***** Given entries
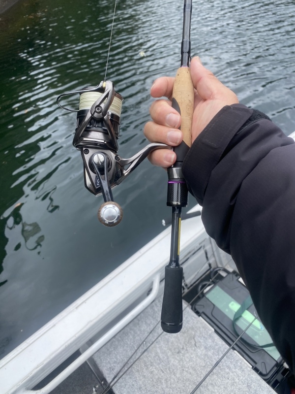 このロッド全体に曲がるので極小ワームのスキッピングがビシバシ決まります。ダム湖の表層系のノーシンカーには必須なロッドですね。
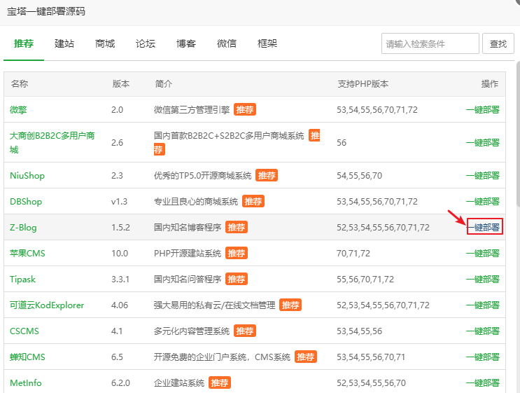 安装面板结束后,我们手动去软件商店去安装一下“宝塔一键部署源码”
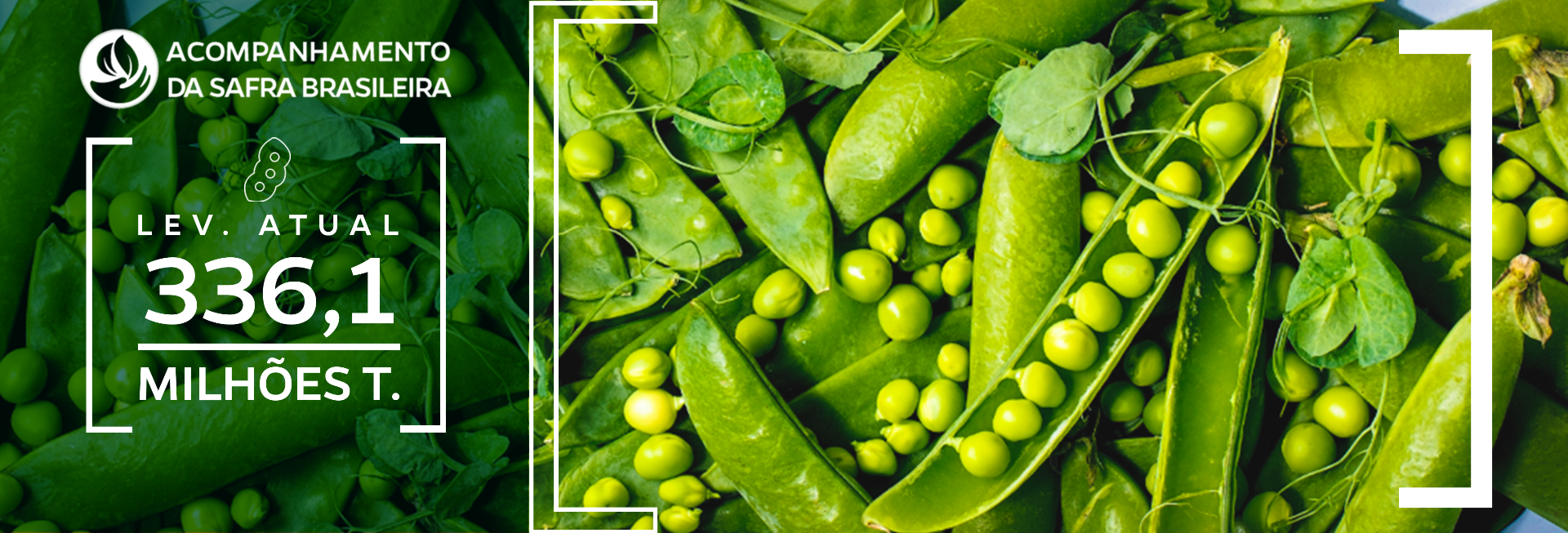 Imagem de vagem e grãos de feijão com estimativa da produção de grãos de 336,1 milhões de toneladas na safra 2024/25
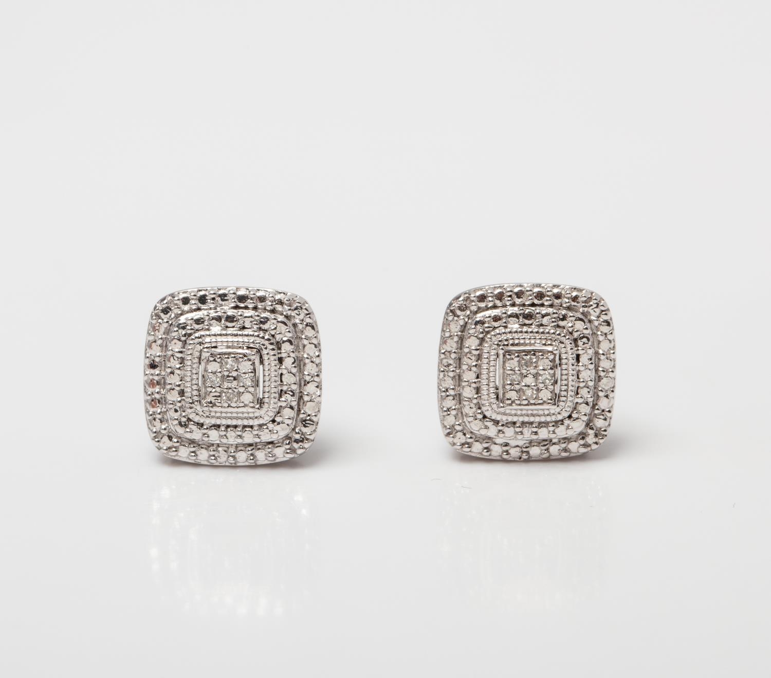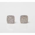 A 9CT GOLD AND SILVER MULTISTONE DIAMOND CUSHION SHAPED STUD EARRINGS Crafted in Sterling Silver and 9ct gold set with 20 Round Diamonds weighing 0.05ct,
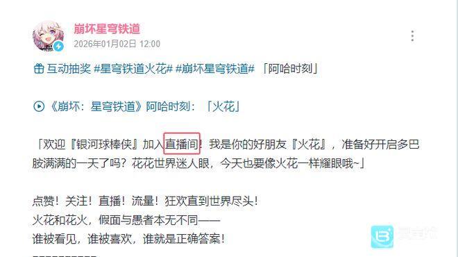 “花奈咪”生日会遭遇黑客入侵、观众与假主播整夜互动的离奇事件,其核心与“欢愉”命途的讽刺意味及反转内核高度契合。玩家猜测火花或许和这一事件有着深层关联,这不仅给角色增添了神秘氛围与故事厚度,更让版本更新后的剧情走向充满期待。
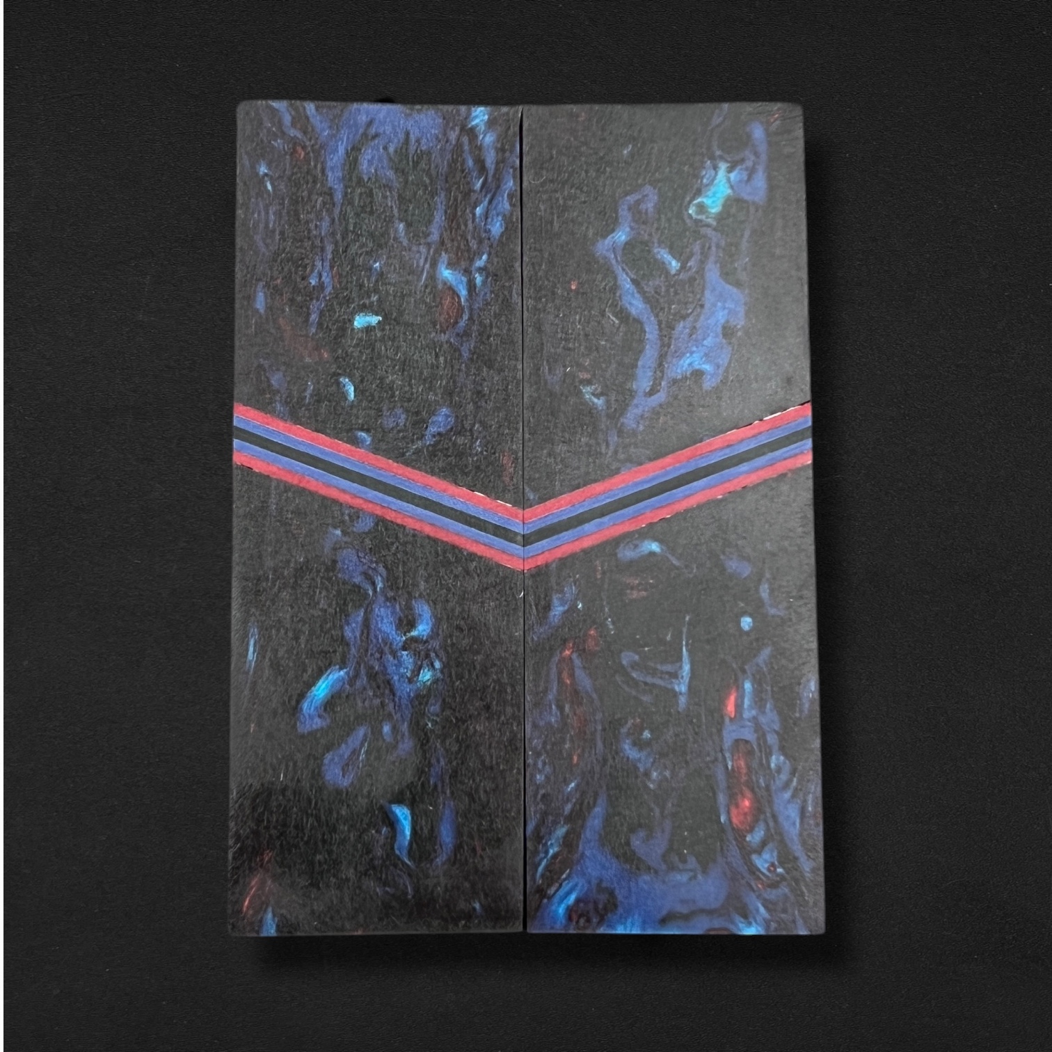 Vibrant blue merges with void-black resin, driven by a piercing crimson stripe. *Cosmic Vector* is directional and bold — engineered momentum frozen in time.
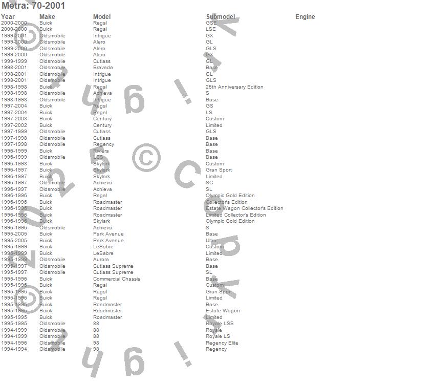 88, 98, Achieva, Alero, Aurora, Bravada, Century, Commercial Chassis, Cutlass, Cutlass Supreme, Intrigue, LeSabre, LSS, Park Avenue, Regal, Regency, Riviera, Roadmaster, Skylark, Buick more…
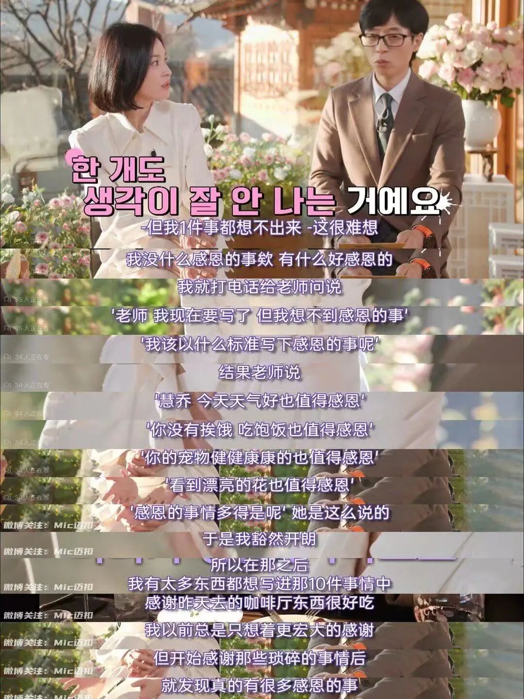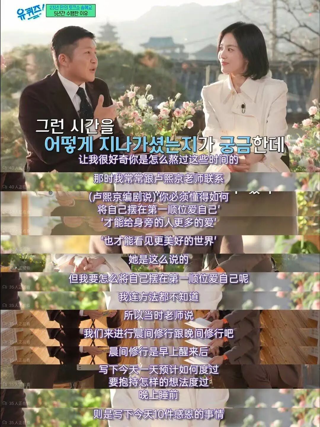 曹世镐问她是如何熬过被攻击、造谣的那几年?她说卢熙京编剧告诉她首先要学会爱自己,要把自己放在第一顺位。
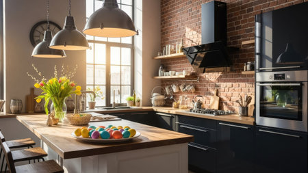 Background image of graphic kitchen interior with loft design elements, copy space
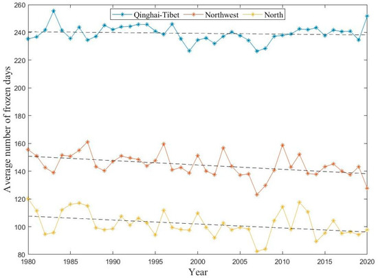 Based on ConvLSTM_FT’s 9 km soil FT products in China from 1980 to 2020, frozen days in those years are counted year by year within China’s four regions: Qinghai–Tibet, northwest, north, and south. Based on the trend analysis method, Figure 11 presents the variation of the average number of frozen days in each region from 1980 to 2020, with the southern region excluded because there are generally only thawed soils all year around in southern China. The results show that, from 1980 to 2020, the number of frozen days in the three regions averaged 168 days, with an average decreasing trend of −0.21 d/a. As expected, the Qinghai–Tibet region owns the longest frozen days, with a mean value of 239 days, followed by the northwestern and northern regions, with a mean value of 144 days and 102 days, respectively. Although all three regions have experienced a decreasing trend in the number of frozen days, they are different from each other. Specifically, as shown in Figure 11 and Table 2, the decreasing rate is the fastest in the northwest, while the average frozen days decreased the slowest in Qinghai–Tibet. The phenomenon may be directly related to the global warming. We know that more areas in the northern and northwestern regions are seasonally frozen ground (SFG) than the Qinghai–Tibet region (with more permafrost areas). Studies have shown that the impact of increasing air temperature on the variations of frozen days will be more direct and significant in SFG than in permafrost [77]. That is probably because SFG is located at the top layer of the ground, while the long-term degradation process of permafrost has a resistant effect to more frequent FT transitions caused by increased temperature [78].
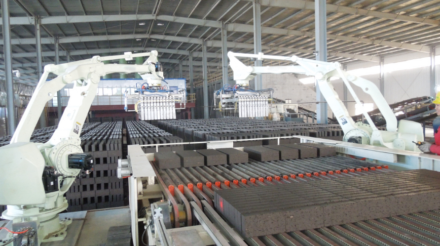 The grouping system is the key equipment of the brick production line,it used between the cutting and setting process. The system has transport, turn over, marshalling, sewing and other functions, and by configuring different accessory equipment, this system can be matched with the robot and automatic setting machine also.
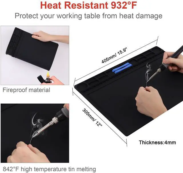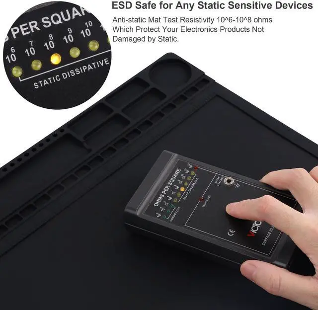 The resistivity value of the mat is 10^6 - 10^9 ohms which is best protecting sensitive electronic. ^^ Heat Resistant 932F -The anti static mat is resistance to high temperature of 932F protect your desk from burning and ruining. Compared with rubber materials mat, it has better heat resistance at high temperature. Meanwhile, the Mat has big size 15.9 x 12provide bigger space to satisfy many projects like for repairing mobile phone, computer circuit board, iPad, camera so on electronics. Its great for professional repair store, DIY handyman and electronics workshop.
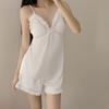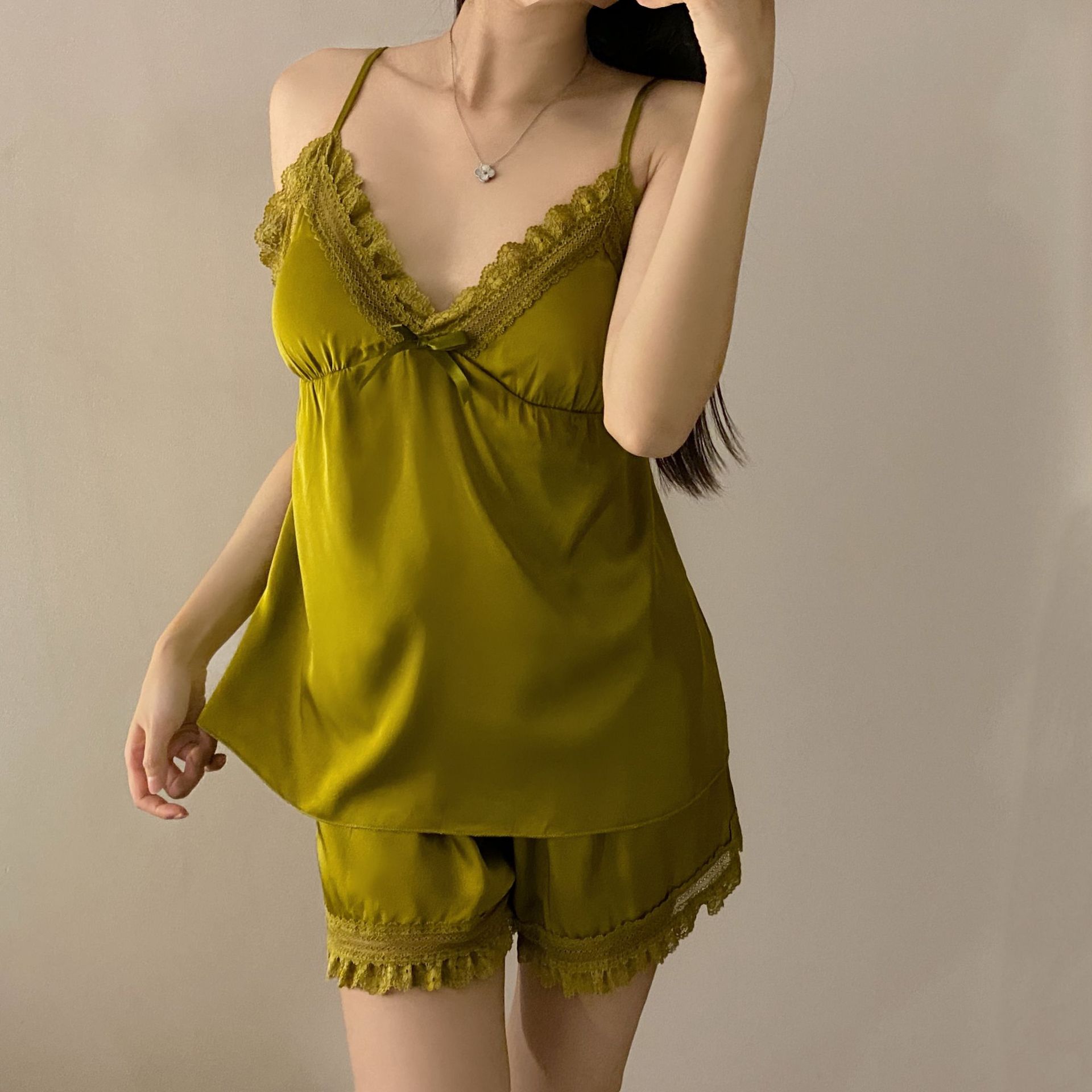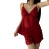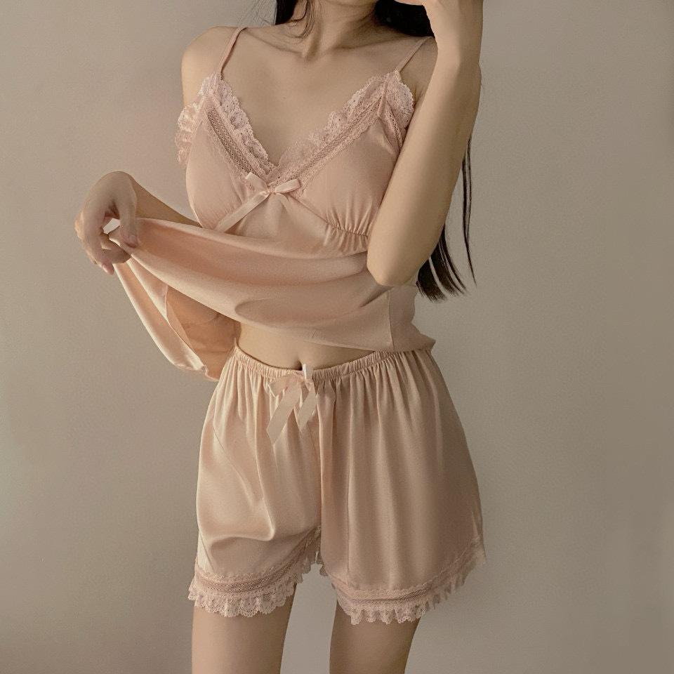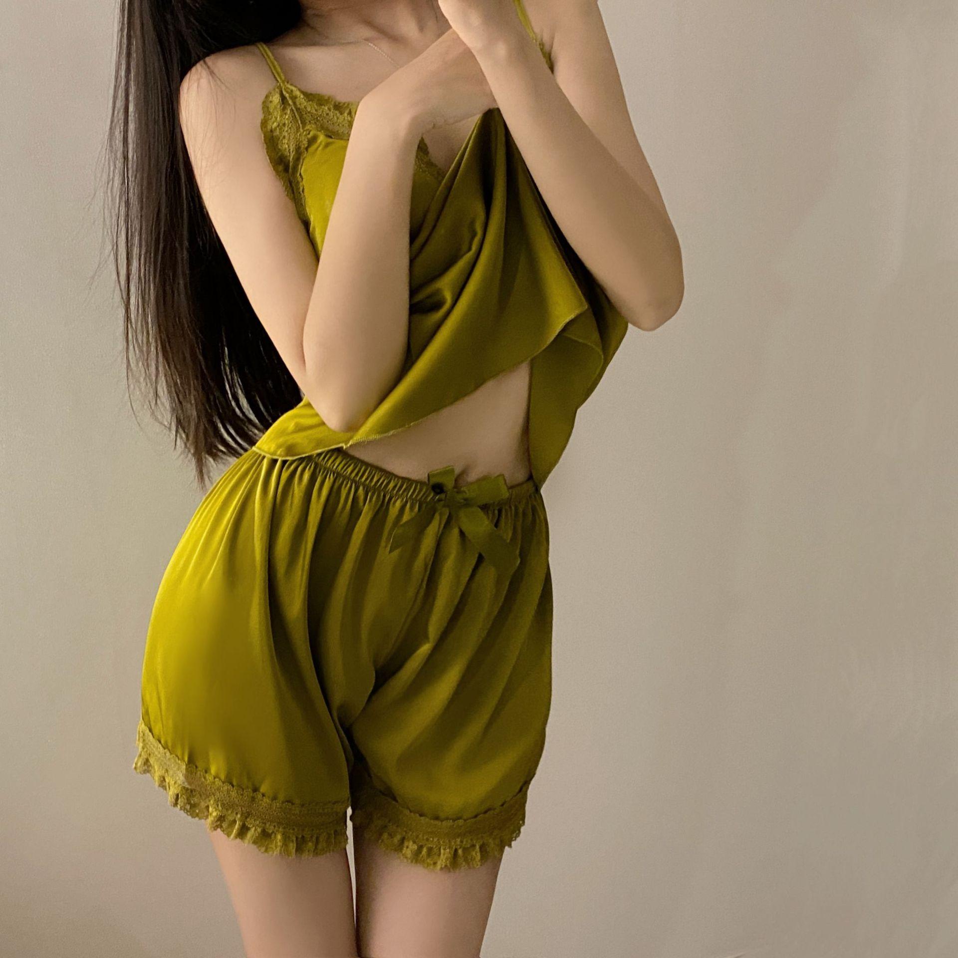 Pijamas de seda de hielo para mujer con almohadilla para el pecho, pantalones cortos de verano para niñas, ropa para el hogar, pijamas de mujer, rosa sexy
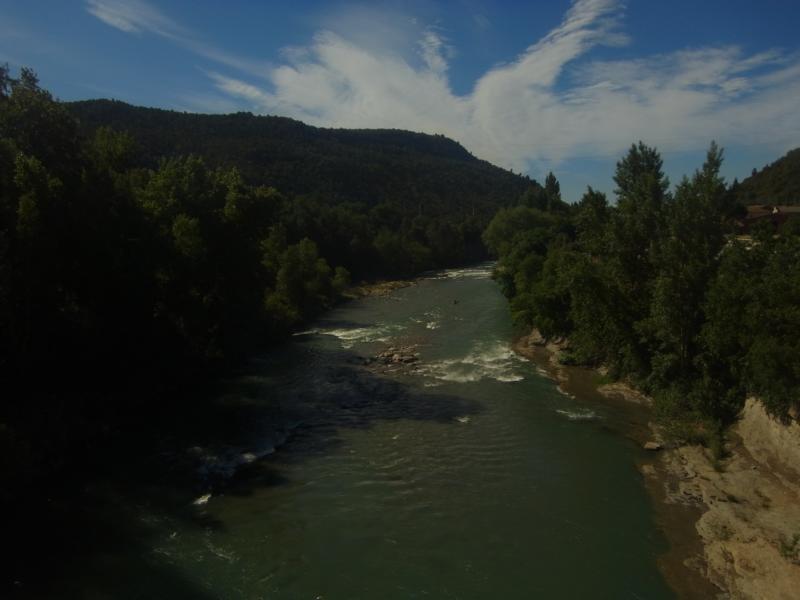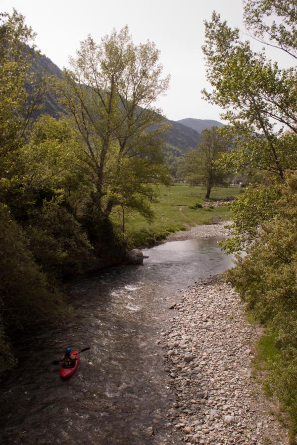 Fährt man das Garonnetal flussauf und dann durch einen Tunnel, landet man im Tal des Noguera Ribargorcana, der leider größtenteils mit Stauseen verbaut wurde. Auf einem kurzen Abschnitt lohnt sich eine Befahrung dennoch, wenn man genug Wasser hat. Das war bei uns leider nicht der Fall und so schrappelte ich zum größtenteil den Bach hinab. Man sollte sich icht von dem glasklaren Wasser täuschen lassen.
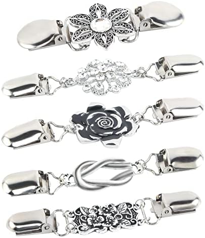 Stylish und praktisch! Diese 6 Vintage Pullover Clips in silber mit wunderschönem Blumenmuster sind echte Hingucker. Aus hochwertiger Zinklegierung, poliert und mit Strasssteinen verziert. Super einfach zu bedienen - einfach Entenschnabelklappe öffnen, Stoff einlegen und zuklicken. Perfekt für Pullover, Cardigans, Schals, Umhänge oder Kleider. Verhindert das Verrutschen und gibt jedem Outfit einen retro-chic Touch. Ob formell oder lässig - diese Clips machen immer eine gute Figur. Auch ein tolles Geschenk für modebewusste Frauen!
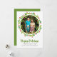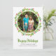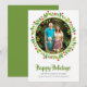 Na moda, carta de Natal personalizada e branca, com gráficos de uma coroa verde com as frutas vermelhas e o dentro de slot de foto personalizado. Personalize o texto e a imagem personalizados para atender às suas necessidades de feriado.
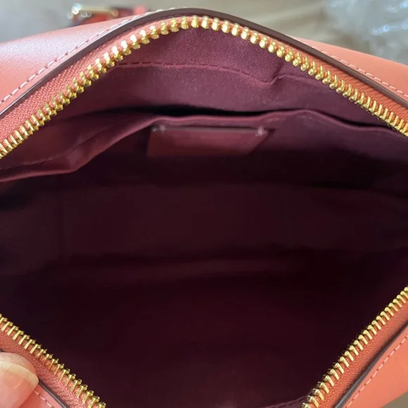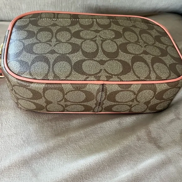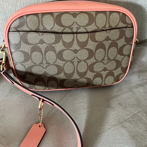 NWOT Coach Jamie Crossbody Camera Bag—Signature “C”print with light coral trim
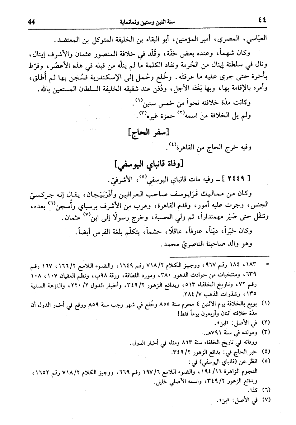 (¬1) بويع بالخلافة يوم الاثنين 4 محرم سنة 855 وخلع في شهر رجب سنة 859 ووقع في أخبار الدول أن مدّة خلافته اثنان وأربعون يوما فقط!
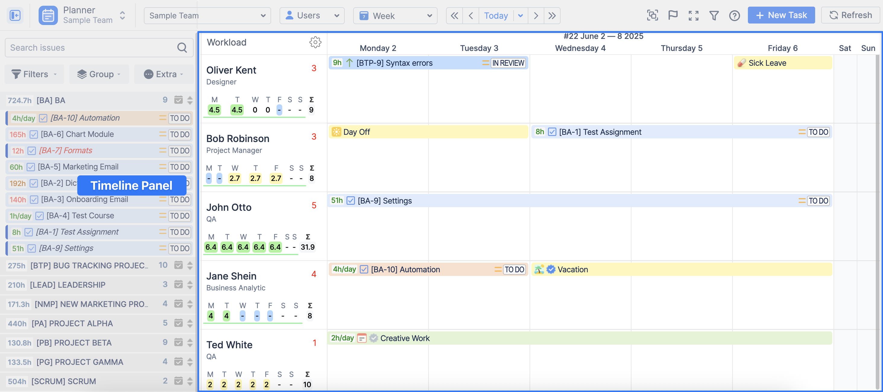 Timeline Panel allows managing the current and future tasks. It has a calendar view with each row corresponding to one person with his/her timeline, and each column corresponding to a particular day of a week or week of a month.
**********
_Activity_.
Give the lines again word for word, from the start of the records to the line holding "Vibrant blue merges", both included, and leave out any picture.

_Exercise solution_.
 このロッド全体に曲がるので極小ワームのスキッピングがビシバシ決まります。ダム湖の表層系のノーシンカーには必須なロッドですね。
 安装面板结束后,我们手动去软件商店去安装一下“宝塔一键部署源码”
 Imagem de vagem e grãos de feijão com estimativa da produção de grãos de 336,1 milhões de toneladas na safra 2024/25
 A 9CT GOLD AND SILVER MULTISTONE DIAMOND CUSHION SHAPED STUD EARRINGS Crafted in Sterling Silver and 9ct gold set with 20 Round Diamonds weighing 0.05ct,
 “花奈咪”生日会遭遇黑客入侵、观众与假主播整夜互动的离奇事件,其核心与“欢愉”命途的讽刺意味及反转内核高度契合。玩家猜测火花或许和这一事件有着深层关联,这不仅给角色增添了神秘氛围与故事厚度,更让版本更新后的剧情走向充满期待。
 Vibrant blue merges with void-black resin, driven by a piercing crimson stripe. *Cosmic Vector* is directional and bold — engineered momentum frozen in time.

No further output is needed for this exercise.